**What the task requires:** Output the data below exactly, images excluded.

**Data extract:**
::::

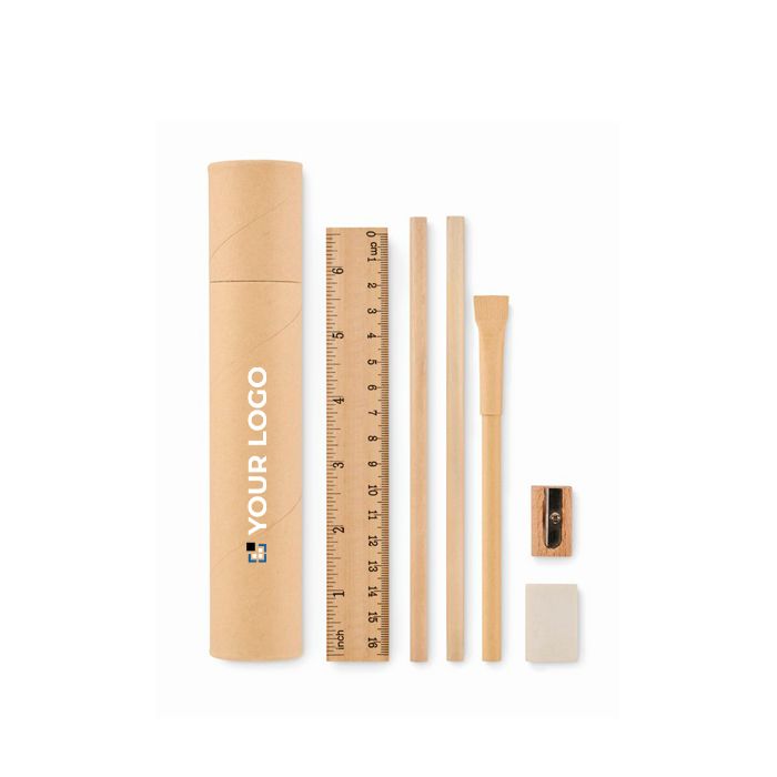 Étui en papier cylindrique avec set complet d’écriture
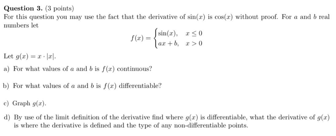 Question 3. (3 points) For this question you may use the fact that...
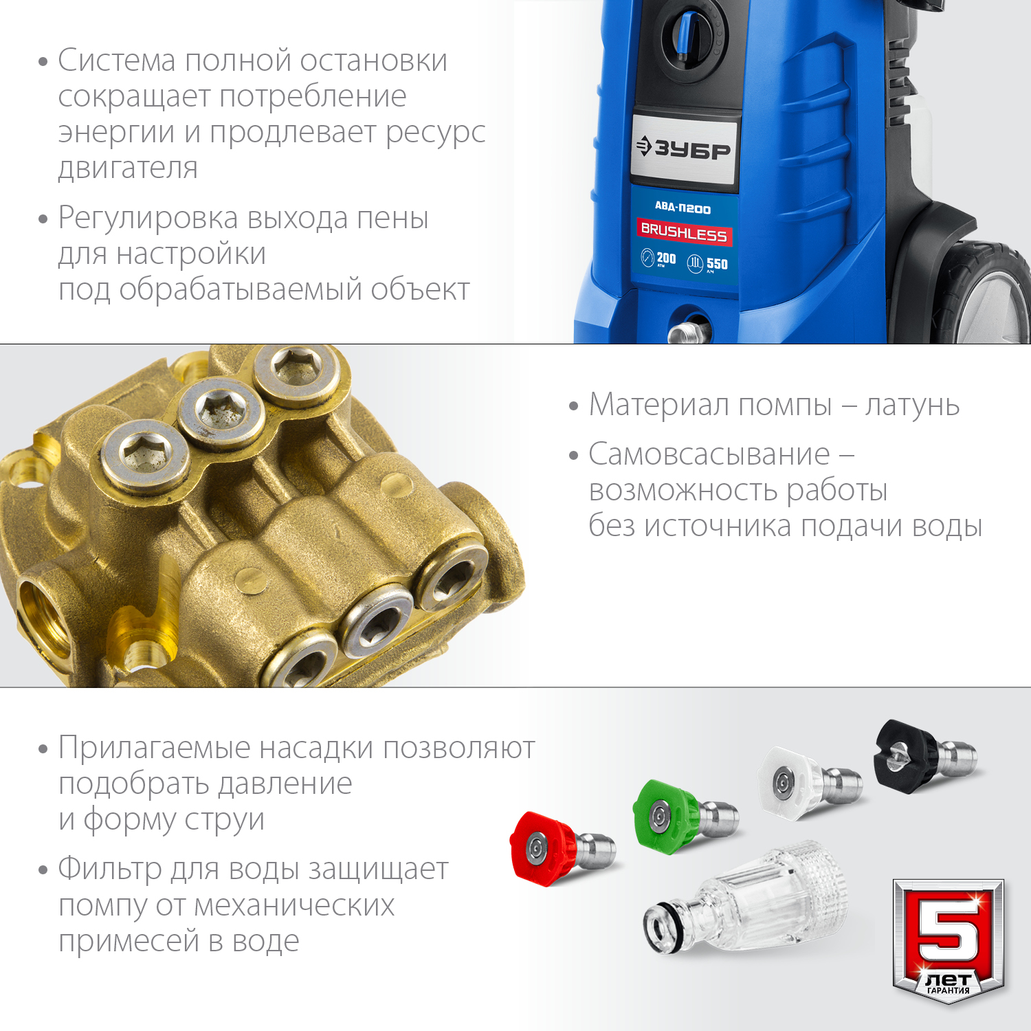 - Система полной остановки выключает двигатель при отпускании клавиши пистолета, что экономит энергию и увеличивает ресурс помпы

::::

**Result:**
 Étui en papier cylindrique avec set complet d’écriture
 Question 3. (3 points) For this question you may use the fact that...
 - Система полной остановки выключает двигатель при отпускании клавиши пистолета, что экономит энергию и увеличивает ресурс помпы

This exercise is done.